◆ **Exercise objective**: Your answer must be the lines from the start of the records through the line with "your hydration goals.", exactly as written, without the pictures.

◆ **Data**:
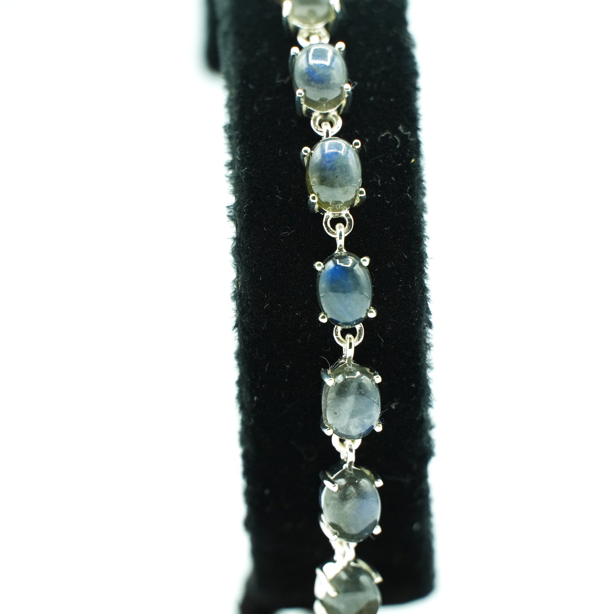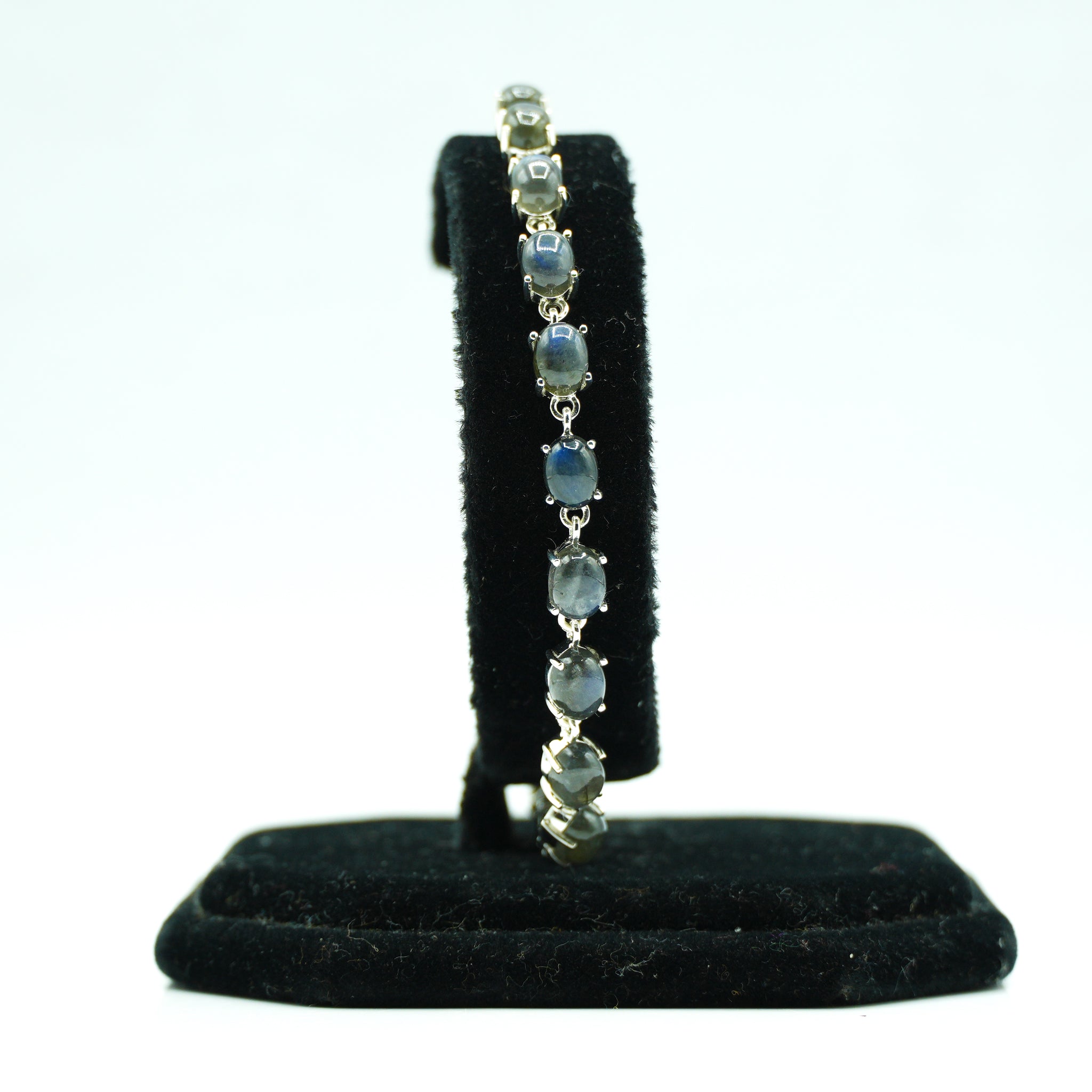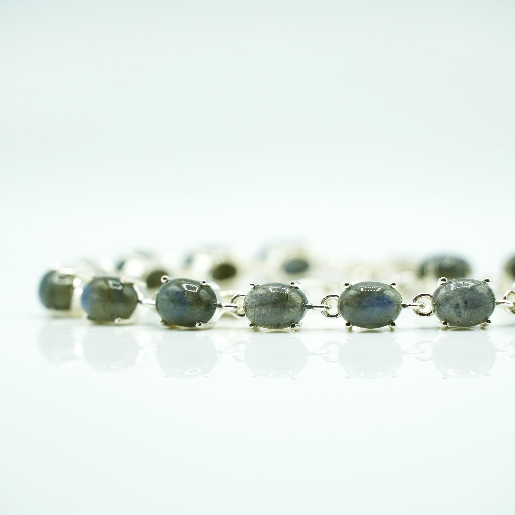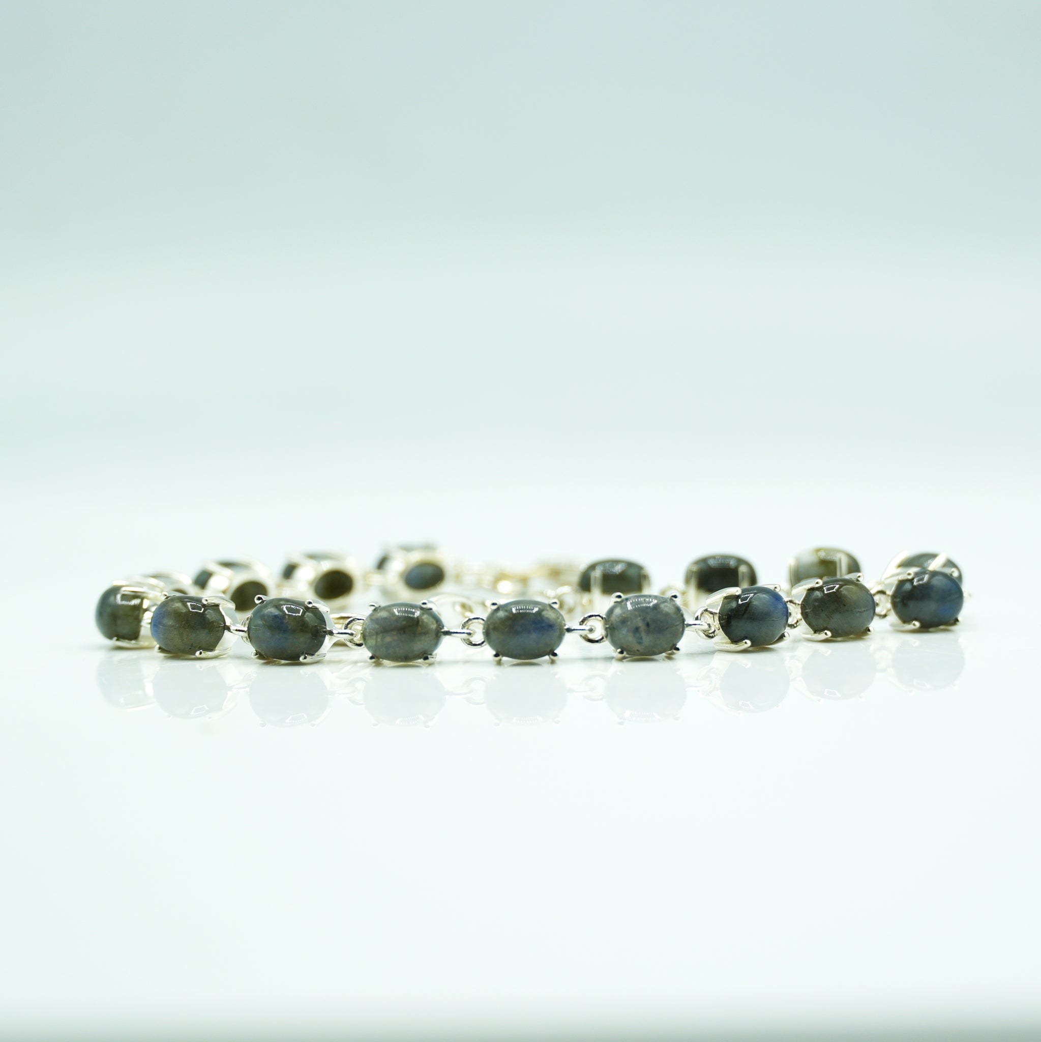 Labradorite Silver Bracelet set with cabochon-cut gemstones in Prong Settings
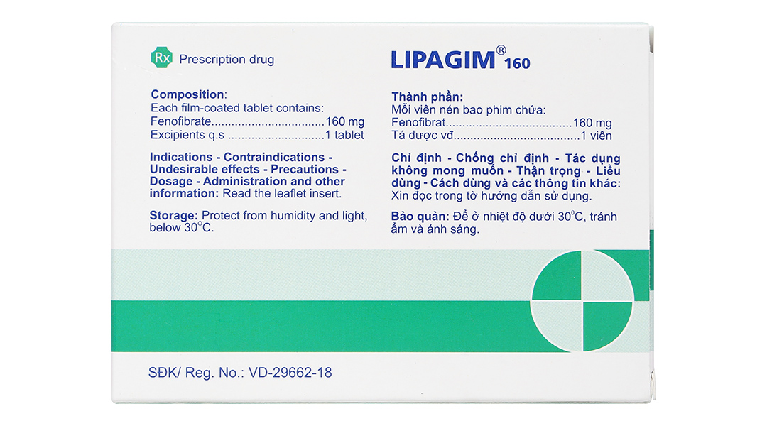 Mỗi viên nén bao phim Lipagim 160 chứa:
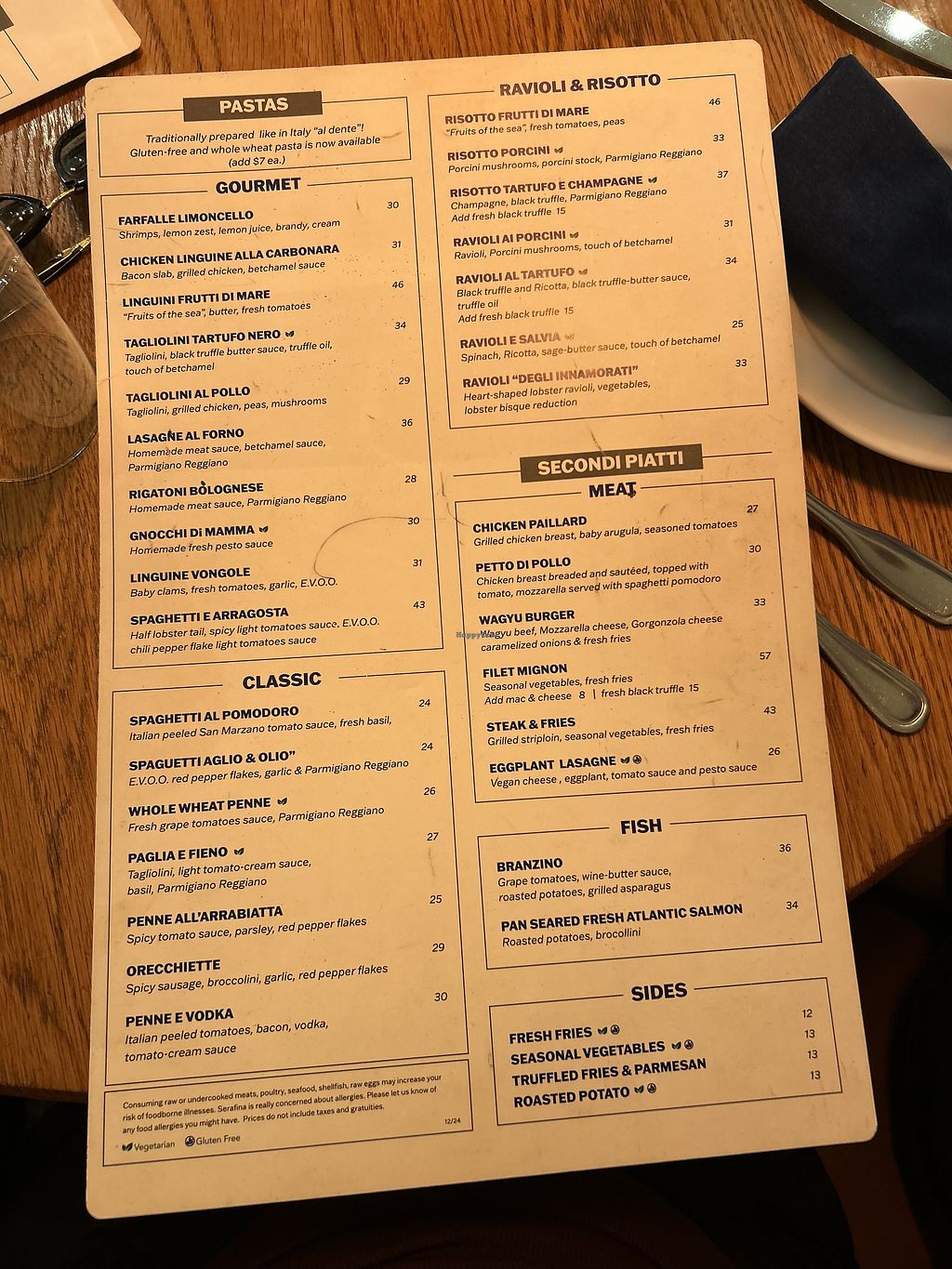 My wife and I both had ravioli options (vegetarian, not vegan) and thoroughly enjoyed our food. The waitress took quite a while to come take our order even though the restaurant was not even half full and seemed disappointed we only ordered one dish each.
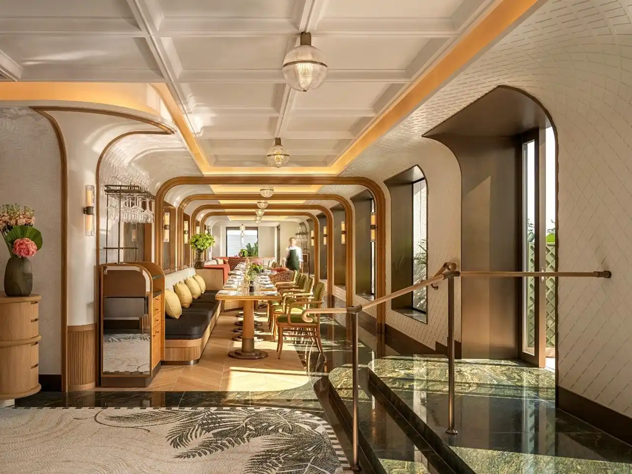 レストランの内装は、パリに拠点を構えるデザイン事務所、マルエルブ・パリ社が担当いたしました。フレンチ・ブラッスリーの黄金時代と豪華列車の旅をインスピレーションに、ブールー・シェフが繰り出すグローバルな観点に満ちたメニューを反映する、タイムレスな雰囲気が演出されています。ダイニングルームでは、曲線を描く木工細工、職人の手仕事が光る装飾、そして重層的な照明が、温かで没入感に溢れる空間を生み出しています。また、インテリアの各所に見られる地元の職人技と港湾都市・香港への繊細なオマージュが、レストラン全体を香港に根ざした空間として印象づけています。 |
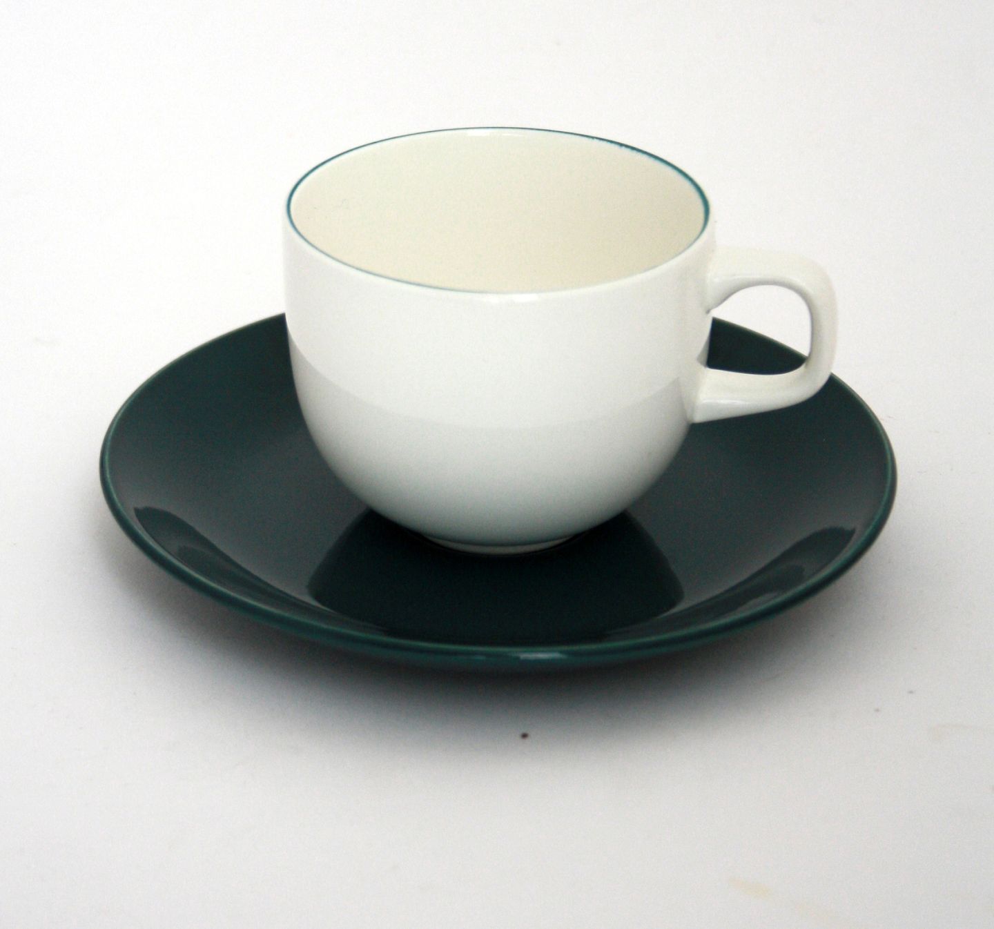 Royal Copenhagen, 4 All Seasons, Kaffekop med mørkegrøn kant og grøn underkop. Designet af Grethe Meyer. Nr. 072. Diameter 8 cm. Højde 6,5 cm. II. Sortering. Pris: SOLGT
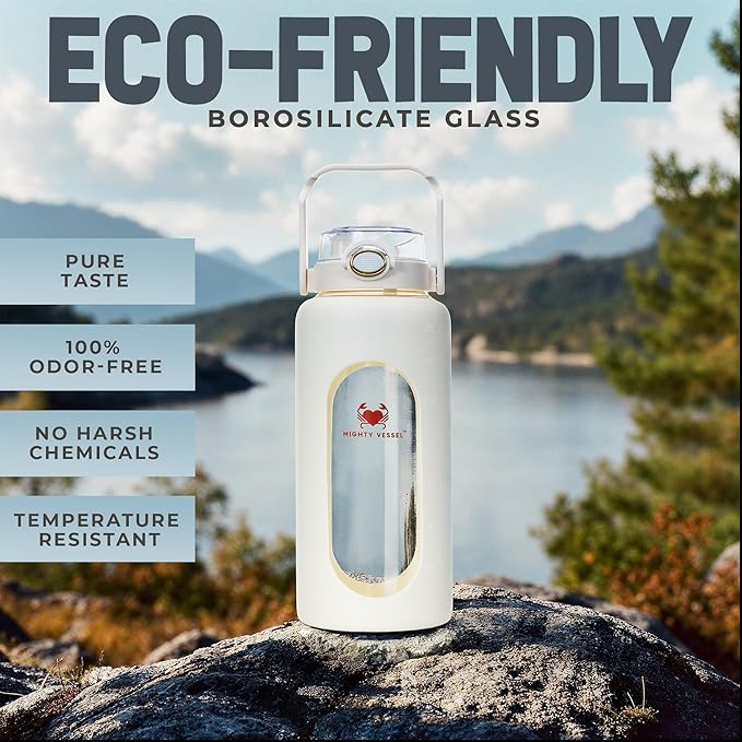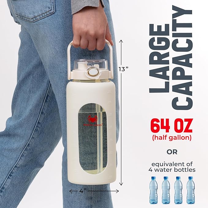 - {Unique Design} - While others are offering casual designs, our glass water bottle with silicone sleeve is made up of high quality glass.Big Water Bottle transparent nature allows you to easily monitor your water intake, ensuring you stay on track with your hydration goals.
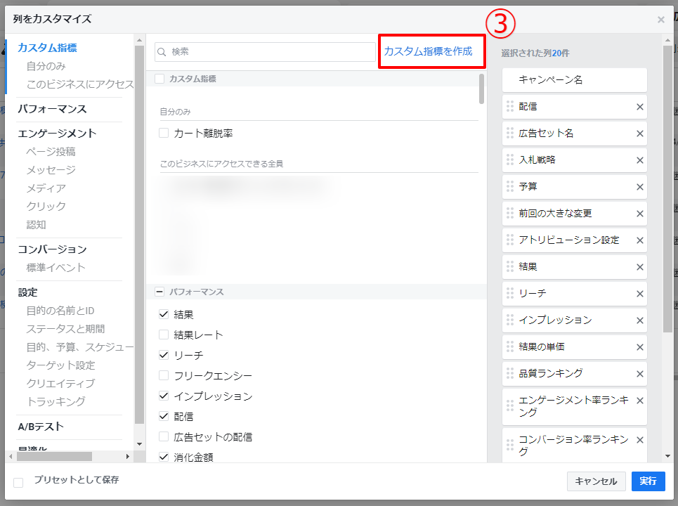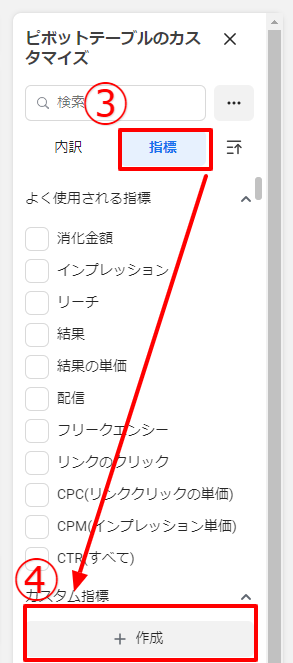 ③[カスタム指標を作成]をクリック
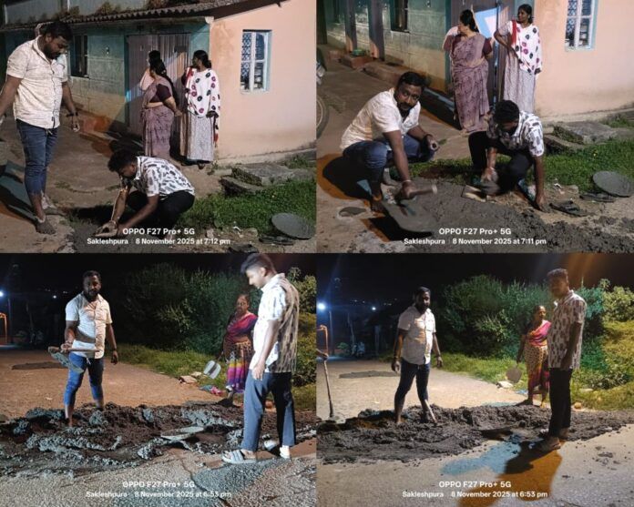 ಸಕಲೇಶಪುರ : ಪಟ್ಟಣದ ಪುರಸಭೆ ವ್ಯಾಪ್ತಿಯ ಕುಶಾಲನಗರದ 8ನೇ ವಾರ್ಡಿನಲ್ಲಿ ದೀರ್ಘಕಾಲದಿಂದ ಗುಂಡಿಗಳಿಂದ ಬಳಲುತ್ತಿದ್ದ ರಸ್ತೆಯನ್ನು ಸ್ಥಳೀಯ ನಿವಾಸಿಗಳು ಶಾಸಕರ ಸಹಕಾರದೊಂದಿಗೆ ತಾವೇ ಸರಿಪಡಿಸುವ ಮೂಲಕ ಮಾದರಿಯಾಗಿದ್ದಾರೆ.

◆ **Solution for this problem**:
 Labradorite Silver Bracelet set with cabochon-cut gemstones in Prong Settings
 Mỗi viên nén bao phim Lipagim 160 chứa:
 My wife and I both had ravioli options (vegetarian, not vegan) and thoroughly enjoyed our food. The waitress took quite a while to come take our order even though the restaurant was not even half full and seemed disappointed we only ordered one dish each.
 レストランの内装は、パリに拠点を構えるデザイン事務所、マルエルブ・パリ社が担当いたしました。フレンチ・ブラッスリーの黄金時代と豪華列車の旅をインスピレーションに、ブールー・シェフが繰り出すグローバルな観点に満ちたメニューを反映する、タイムレスな雰囲気が演出されています。ダイニングルームでは、曲線を描く木工細工、職人の手仕事が光る装飾、そして重層的な照明が、温かで没入感に溢れる空間を生み出しています。また、インテリアの各所に見られる地元の職人技と港湾都市・香港への繊細なオマージュが、レストラン全体を香港に根ざした空間として印象づけています。 |
 Royal Copenhagen, 4 All Seasons, Kaffekop med mørkegrøn kant og grøn underkop. Designet af Grethe Meyer. Nr. 072. Diameter 8 cm. Højde 6,5 cm. II. Sortering. Pris: SOLGT
 - {Unique Design} - While others are offering casual designs, our glass water bottle with silicone sleeve is made up of high quality glass.Big Water Bottle transparent nature allows you to easily monitor your water intake, ensuring you stay on track with your hydration goals.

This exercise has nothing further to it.